Edwin Correll disputes PEMA’s analysis: “It’s not my son’s wall, it’s not
the borough’s wall, it’s the federal government’s wall. That wall was a
federal project from the ’30s when I was a boy.”
   
PennDOT and the state DEP both said they have done all they can do for the
Corrells.
   
But the Corrells say they never heard a word.
   
“I just want to get some answers,” said Brian Correll. “Yes. No. Under
consideration. I just want to know what’s going on. But I hear nothing.”
   
As the creek creeps closer to their replacement swimming pool, the Corrells
keep trying. Last month, they sent letters to Gov. Tom Ridge and U.S. Sen.

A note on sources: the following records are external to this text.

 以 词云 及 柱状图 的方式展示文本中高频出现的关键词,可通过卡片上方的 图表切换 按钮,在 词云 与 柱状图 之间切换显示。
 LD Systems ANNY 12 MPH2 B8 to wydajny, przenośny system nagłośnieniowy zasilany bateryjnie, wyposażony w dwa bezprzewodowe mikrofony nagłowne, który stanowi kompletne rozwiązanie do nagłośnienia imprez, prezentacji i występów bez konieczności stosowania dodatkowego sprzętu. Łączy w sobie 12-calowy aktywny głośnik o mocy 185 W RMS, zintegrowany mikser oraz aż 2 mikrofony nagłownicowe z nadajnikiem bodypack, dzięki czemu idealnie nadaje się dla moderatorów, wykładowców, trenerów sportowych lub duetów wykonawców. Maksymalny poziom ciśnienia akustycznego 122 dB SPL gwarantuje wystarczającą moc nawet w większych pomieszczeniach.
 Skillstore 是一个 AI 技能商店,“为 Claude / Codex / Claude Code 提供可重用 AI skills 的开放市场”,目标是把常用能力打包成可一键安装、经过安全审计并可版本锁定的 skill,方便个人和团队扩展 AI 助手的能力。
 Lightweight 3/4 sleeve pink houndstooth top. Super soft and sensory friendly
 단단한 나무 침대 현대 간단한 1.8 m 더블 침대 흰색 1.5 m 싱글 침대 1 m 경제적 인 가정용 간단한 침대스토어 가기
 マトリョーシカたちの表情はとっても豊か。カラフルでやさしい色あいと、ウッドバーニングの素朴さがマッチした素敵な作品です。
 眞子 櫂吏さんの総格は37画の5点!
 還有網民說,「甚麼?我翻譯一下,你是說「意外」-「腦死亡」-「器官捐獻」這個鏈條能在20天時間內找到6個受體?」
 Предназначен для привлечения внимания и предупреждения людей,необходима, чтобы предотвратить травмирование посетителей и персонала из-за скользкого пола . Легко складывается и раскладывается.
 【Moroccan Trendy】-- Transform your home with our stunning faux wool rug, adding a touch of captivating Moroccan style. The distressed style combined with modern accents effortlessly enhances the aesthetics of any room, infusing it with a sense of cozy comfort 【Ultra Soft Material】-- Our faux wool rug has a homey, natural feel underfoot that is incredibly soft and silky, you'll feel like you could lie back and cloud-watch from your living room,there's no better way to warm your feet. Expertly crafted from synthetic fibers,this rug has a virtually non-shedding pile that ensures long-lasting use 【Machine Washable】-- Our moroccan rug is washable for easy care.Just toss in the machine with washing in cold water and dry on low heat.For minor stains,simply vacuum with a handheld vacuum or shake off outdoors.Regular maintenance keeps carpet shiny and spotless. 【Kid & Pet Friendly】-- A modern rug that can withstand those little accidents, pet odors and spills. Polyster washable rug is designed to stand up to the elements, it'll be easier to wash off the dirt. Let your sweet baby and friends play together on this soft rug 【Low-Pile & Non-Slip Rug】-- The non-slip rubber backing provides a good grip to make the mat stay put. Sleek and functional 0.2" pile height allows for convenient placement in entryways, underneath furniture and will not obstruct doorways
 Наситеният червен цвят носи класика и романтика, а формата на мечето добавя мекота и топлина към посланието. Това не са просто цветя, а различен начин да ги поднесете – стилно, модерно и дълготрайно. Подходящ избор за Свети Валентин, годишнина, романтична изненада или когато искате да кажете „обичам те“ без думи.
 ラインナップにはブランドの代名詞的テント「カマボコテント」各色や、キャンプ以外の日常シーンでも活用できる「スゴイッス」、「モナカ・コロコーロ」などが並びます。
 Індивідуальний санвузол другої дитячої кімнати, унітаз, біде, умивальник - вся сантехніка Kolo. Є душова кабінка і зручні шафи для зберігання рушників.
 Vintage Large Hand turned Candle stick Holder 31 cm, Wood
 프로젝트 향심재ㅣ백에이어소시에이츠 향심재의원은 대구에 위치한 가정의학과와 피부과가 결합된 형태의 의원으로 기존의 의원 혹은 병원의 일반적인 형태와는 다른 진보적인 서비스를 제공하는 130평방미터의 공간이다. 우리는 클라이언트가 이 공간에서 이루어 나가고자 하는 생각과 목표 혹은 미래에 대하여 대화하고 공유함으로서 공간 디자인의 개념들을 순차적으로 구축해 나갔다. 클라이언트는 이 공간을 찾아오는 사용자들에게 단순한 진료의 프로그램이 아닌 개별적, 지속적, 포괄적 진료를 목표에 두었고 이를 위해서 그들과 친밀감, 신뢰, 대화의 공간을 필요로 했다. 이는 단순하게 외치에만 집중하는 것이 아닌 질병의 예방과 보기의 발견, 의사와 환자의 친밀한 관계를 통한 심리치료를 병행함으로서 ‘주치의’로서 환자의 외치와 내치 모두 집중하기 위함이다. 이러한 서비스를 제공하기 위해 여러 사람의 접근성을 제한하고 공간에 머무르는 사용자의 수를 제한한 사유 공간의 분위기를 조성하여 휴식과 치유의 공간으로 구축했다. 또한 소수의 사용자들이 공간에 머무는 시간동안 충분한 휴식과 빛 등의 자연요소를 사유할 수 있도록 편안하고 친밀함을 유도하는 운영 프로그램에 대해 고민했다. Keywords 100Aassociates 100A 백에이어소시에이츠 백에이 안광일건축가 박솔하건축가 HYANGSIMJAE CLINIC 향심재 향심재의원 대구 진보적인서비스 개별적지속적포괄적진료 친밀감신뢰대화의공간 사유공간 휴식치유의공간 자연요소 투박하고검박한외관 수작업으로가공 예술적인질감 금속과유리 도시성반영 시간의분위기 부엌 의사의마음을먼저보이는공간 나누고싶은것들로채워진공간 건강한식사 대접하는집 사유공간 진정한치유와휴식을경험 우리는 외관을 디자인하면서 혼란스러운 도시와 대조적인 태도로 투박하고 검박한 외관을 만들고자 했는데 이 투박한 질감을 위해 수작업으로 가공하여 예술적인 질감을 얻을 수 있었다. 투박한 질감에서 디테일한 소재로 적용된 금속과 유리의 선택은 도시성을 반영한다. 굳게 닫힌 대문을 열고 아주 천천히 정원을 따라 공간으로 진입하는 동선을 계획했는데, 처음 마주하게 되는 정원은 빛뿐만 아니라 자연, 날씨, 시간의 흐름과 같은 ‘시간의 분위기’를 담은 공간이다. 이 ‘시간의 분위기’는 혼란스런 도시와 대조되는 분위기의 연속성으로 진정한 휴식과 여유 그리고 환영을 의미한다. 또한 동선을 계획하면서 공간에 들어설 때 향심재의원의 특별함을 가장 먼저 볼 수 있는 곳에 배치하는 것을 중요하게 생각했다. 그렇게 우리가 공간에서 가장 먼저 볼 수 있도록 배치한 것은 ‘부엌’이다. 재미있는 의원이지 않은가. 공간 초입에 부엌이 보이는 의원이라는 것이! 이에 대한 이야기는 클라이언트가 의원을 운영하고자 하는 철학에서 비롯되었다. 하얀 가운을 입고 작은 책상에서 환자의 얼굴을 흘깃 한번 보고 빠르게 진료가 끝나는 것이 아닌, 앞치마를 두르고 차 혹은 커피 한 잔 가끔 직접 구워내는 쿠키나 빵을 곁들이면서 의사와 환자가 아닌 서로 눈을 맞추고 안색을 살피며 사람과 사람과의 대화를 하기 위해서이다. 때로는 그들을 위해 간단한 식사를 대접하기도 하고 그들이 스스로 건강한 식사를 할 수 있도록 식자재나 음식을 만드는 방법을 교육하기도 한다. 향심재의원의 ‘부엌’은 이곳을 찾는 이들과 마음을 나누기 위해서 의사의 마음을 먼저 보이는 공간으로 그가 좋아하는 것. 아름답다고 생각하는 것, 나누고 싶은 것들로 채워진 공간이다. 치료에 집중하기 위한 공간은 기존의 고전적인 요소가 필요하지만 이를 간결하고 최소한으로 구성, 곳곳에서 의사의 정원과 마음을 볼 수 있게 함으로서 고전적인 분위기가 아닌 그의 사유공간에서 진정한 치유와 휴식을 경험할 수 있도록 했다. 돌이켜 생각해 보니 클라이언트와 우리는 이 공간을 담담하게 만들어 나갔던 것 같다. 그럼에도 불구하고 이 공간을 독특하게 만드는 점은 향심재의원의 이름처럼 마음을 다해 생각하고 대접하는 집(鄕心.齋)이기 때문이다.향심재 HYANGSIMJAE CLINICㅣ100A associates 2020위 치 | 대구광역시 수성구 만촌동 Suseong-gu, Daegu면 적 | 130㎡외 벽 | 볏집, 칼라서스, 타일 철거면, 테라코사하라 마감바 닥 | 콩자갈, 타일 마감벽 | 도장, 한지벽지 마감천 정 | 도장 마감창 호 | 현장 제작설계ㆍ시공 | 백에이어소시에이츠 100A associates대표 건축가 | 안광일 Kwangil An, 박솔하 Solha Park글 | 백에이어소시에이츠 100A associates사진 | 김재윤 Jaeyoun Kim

Arlen Specter, R-Philadelphia. And Edwin Correll said he and Gildea pledged at
Monday’s council meeting to work with state Sen. Raphael Musto, D-Pittston.
   
“There’s no way we could ever hope to sell this house,” Marie Correll said.
“We just want to know where we go from here. Cut the red tape and give me an
answer — and don’t tell it will be 20 years.”
   
TIMES LEADER/FRED ADAMS
   
Brian Correll stands on the rocks that have helped cause him $80,000 worth
of grief. Correll has been trying to get government money to fix damage to
Laurel Run Creek, which is cutting into his property.